Que peut-on attendre d’un disque discrètement intitulé Schubert – Ellington ? Une opération de rapprochement, bien sûr, déjà assez inattendue en ce qu’elle juxtapose deux compositeurs que presque tout oppose. On croit donc découvrir un disque dont le programme sera divisé à parts égales entre des lieder du tout début du XIXe siècle et des songs du milieu du XXe, entre le classique et le jazz. Or, pas du tout. Loin de séparer les deux compositeurs, le tiret les unit bien plus profondément qu’on ne l’aurait soupçonné, puisque le CD immortalise des improvisations mêlant Schubert et Ellington, comme l’illustre clairement la première plage. On y entend d’abord « La Truite » avec accompagnement jazzy, la ligne vocale étant elle-même modifiée par endroits, puis vient « Caravan » de Duke Ellington, après quoi les deux œuvres se rencontrent, s’entremêlent et ne forment plus qu’un. C’est peut-être aussi le moment le plus radical du disque. Deux autres lieder de Schubert sont présents, ainsi que l’un de ses Impromptus, mais aucun d’eux ne subit le même traitement de choc. Sous le titre « Vers Gretchen » et « Vers Auf dem Wasser », ce sont encore des improvisations qui nous sont proposées, sans télescopage frontal avec un standard de jazz. De Duke Ellington, on trouvera ici « Take a Train », « It Dont’ Mean a Thing » et « Solitude ». Et il y a plusieurs autres compositeurs au rendez-vous, même si leur nom n’est pas mis en avant : Chostakovitch, Dusapin, et Dimitri Tiomkin, qui composa « Wild is the Wind » pour un film sorti en 1957. Des esthétiques très contrastées, donc, qui repoussent jusqu’à notre époque le cadre temporel des morceaux. Dans le discours sinueux de Canto, sur un texte du poète Giacomo Leopardi, on reconnaît bien l’esthétique de Pascal Dusapin ; la romance de Chostakovitch. Les chanteurs les plus divers ont su au fil des années s’approprier « Wild is the Wind ».
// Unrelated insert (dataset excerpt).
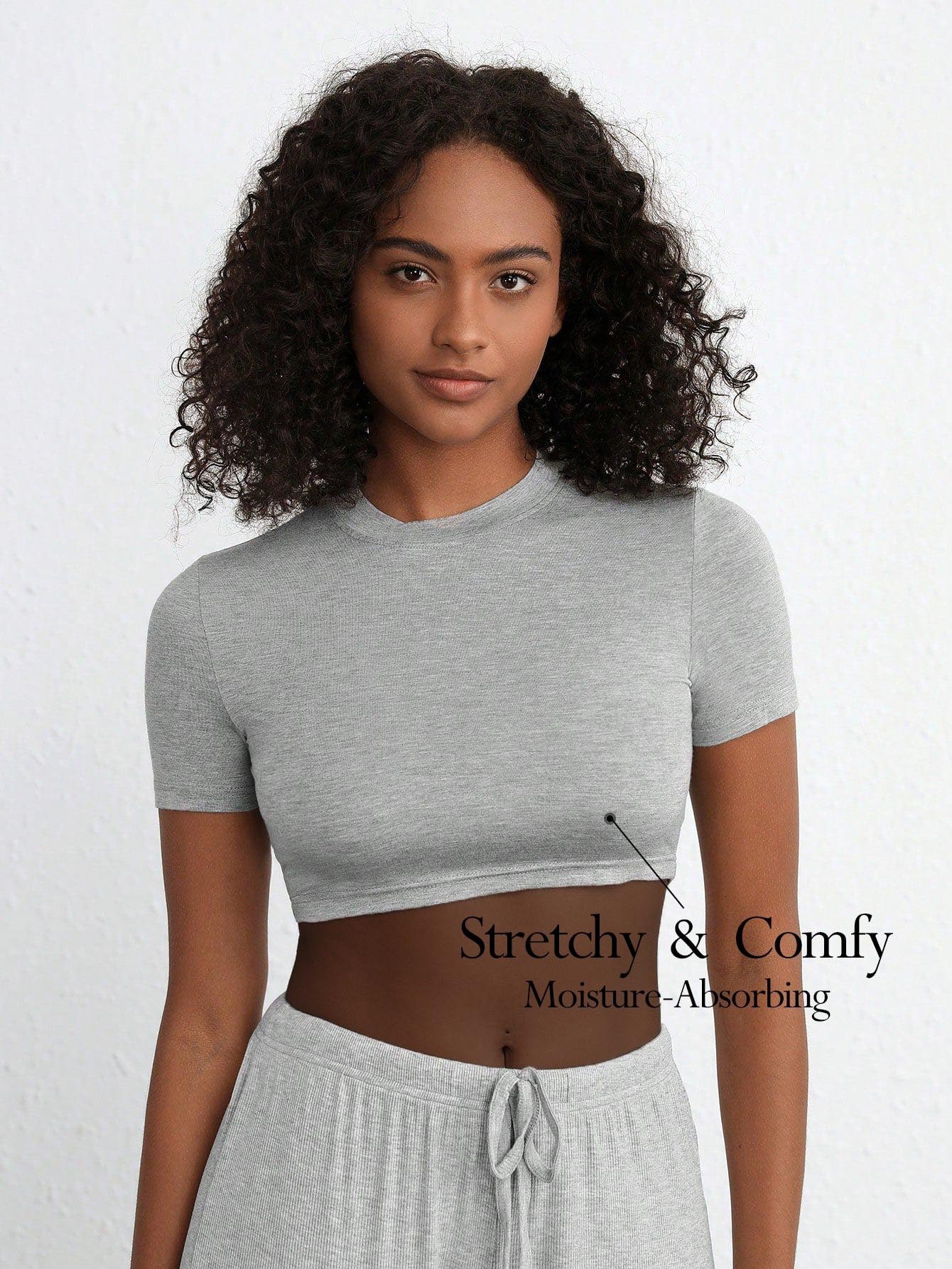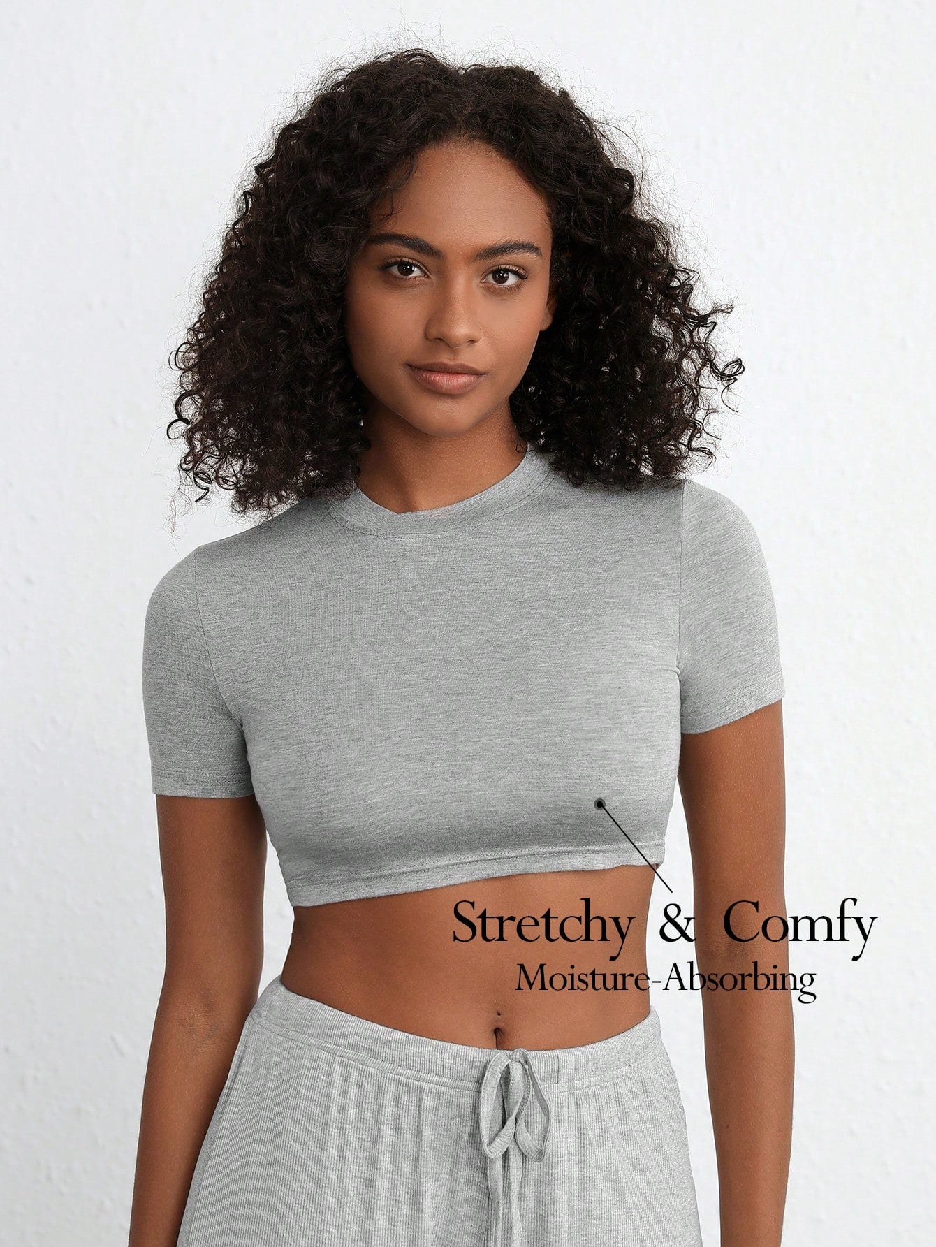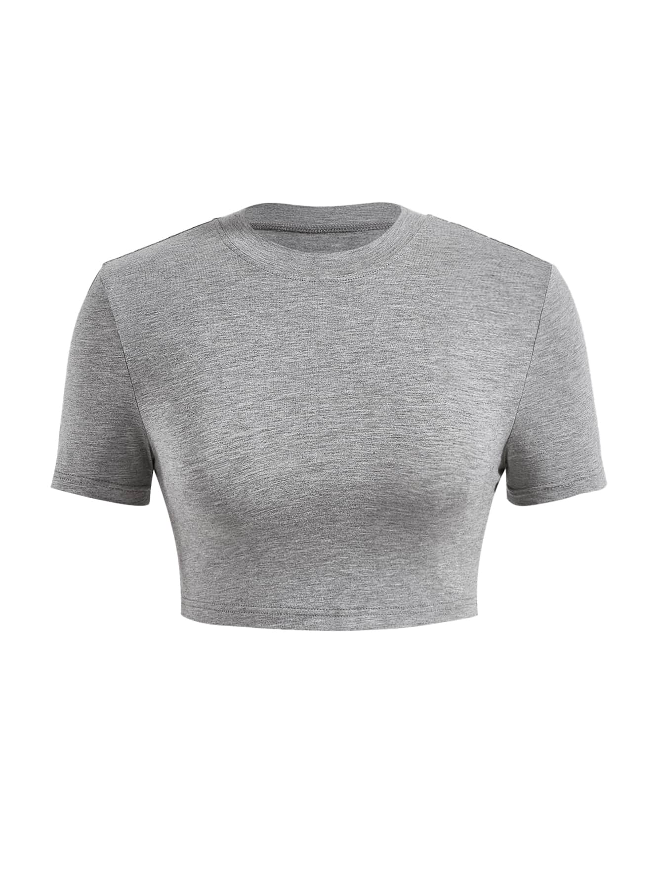 Ocili Leisure Smooth & Comfy Black Crew Neck T-Shirt Top - Melange Gray

Schubert – Ellington réunit quatre interprètes, les uns venus du classique (la soprano et le violoncelle), les autres venus du jazz (la clarinette et le piano). La plupart des arrangements et improvisations sont le fait de Guillaume de Chassy, le pianiste, mais certaines pièces affichent la responsabilité collective des quatre membres du groupe. Tout juste trois quarts d’heure de musique : la limite de l’exercice serait-elle atteinte ? Les morceaux s’enchaînent sans véritable sollicitation de continuité, avec parfois une « Réminiscence » au piano qui fait le pont d’une pièce à l’autre, les applaudissements conservés à la fin montrant bien qu’il s’agissait d’un concert public.
Evidemment, pour le lecteur de Forum Opéra, l’intérêt principal de ce disque sera la prestation de Karen Vourc’h. Après des débuts fracassants, marqués notamment par sa Mélisande à l’Opéra-Comique en 2010, et un disque Grieg-Sibelius-Debussy sorti la même année, la soprano française s’est peu à peu faite plus rare sur les scènes lyriques. Plus précisément, son répertoire s’est très nettement centré sur le XXe siècle et sur la création. Après le Christophe Colomb de Félicien David en 2014, Karen Vourc’h s’est pour ainsi dire spécialisée dans la musique contemporaine. On ne s’étonnera donc pas outre mesure de l’entendre au cœur de ce programme hors-norme, qui ne relève pas du simple cross-over, mais s’aventure dans des terrains plus audacieux.
De ce fait, la voix que l’on entend ici n’est pas vraiment celle d’une chanteuse d’opéra, et la soprano y révèle un style bien différent. Le jazz et la chanson n’ont pas du tout les mêmes exigences que Mozart et Verdi, que Karen Vourc’h chantait encore il y a quelques années. C’est dans « Gretchen am Spinrade » et « Auf dem Wasser zu singen », dont la ligne vocale n’a guète été bousculée, que l’on peut le mieux juger les qualités de la soprano. Même si l’on entend plus souvent « Marguerite au rouet » par des mezzos et que la légèreté de la voix surprend au départ, force est de dire ici que la justesse de certaines notes ne paraît pas très assurée et que les aigus sont un peu trop bas. Ce sont évidemment les aléas du direct, et comme l’ont expliqué les habitués de l’improvisation aux interprètes classiques, on ne refait pas une improvisation.